Other changes similarly addressed critiques received during the comment period. For example, the final Guidelines eliminated a draft guideline separately addressing vertical merger concerns. They also eliminated a “catch-all” guideline that condemned mergers that “otherwise” substantially lessened competition (Draft Guideline 13), a provision heavily criticized for eliminating all predictability in enforcement, which is the primary reason for publishing guidelines at all.

Even with the final Guidelines’ changes from the draft, the Guidelines represent a much more aggressive enforcement approach over the 2010 Guidelines. For example, the 2023 Guidelines significantly lower the concentration threshold at which competitive harm from a merger is presumed, setting the bar for presumptive illegality at a level of concentration and market share that the 2010 Guidelines considered only potentially problematic. In addition, the final Guidelines adopt an expansive definition of actionable competitive harm that encompasses not only price increases or quality or output decreases, but any “worsening of the terms along any dimension of competition,” such as quality, service, capacity investment, product choice or features, or innovative effort.

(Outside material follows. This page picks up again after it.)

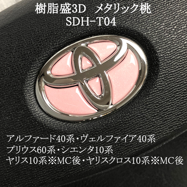 > トヨタ ステアリング エンブレムシート メタリック桃 SDH-T04 ハンドル用 樹脂盛立体3Dシール ステッカー 取付け簡単 TOYOTA ZEROWIN
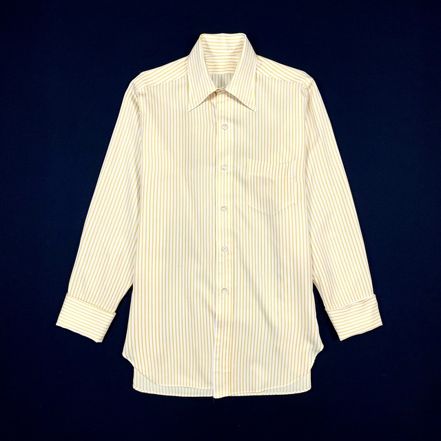 サイズ : about S サイズ実寸 肩幅42.5cm 身幅57cm 着丈76.5cm 袖丈56cm ※平置き寸法 ※多少の誤差はご了承ください。 価格8800円+TAX クラシックシャツ ポリエステル素材 色味はホワイト×イエロー ロングポイントのカラー 袖口はダブルカフスで、カフスボタン付き クラシックな70sストライプシャツ 薄汚れやスレ、ポケットに傷がございます ・撮影環境により色味が異なる場合がございます。予めご了承ください。 ・古着(ユーズド、ヴィンテージ商品)の為 返品、返金、交換はお断りさせていただいております。 ・ユーズド、ヴィンテージ商品の為、文章に記載がないダメージや汚れ等ある場合がございます。 ・古着にご理解の上、ご購入お願いいたします。 ・古着に対して神経質な方は購入をご遠慮ください。 ・商品で気になることがありましたら、電話またはインスタグラムのDM、メールにてお問合せください。 International shipping is available, but the price varies depending on the country and the weight of the package, so please contact us for more details.

Although these are well-recognized facets of competition, the Guidelines use them, for the first time, to define who is a market participant. This potentially excludes from the market any firms that may not detect and respond to an incumbent’s small but significant reduction in, for example, its confidential capital budget or its R&D budget (which is most likely all other firms). The incorporation of such hard-to-measure standards effectively gives the agencies carte blanche to define the competitor field in the way most advantageous to a challenge by excluding significant competitors from the relevant market simply because they do not have the ability to detect and respond to these changes. Although agency practice may not exploit this ability in all cases, the chief economists for both agencies affirmed on December 19th that the intent is to “facilitate the application of these principles in a wide range of circumstances.”

The aggressive policies reflected in the Guidelines will be tested in court, and they face an uncertain prospect of success. It is happening already. The final Guidelines doubled down on the draft’s condemnation of mergers that eliminate potential or nascent competitors, and established a higher bar for rebuttals based on likely competitive entry than the agency would need to establish the required threat of competitive harm. Yet this was the theory on which the FTC brought and lost its challenges to Meta’s acquisition of Within Unlimited and Microsoft’s acquisition of Activision Blizzard (appeal pending before the Ninth Circuit). If there develops a significant divide between the Guidelines and court decisions, the utility of the Guidelines will diminish.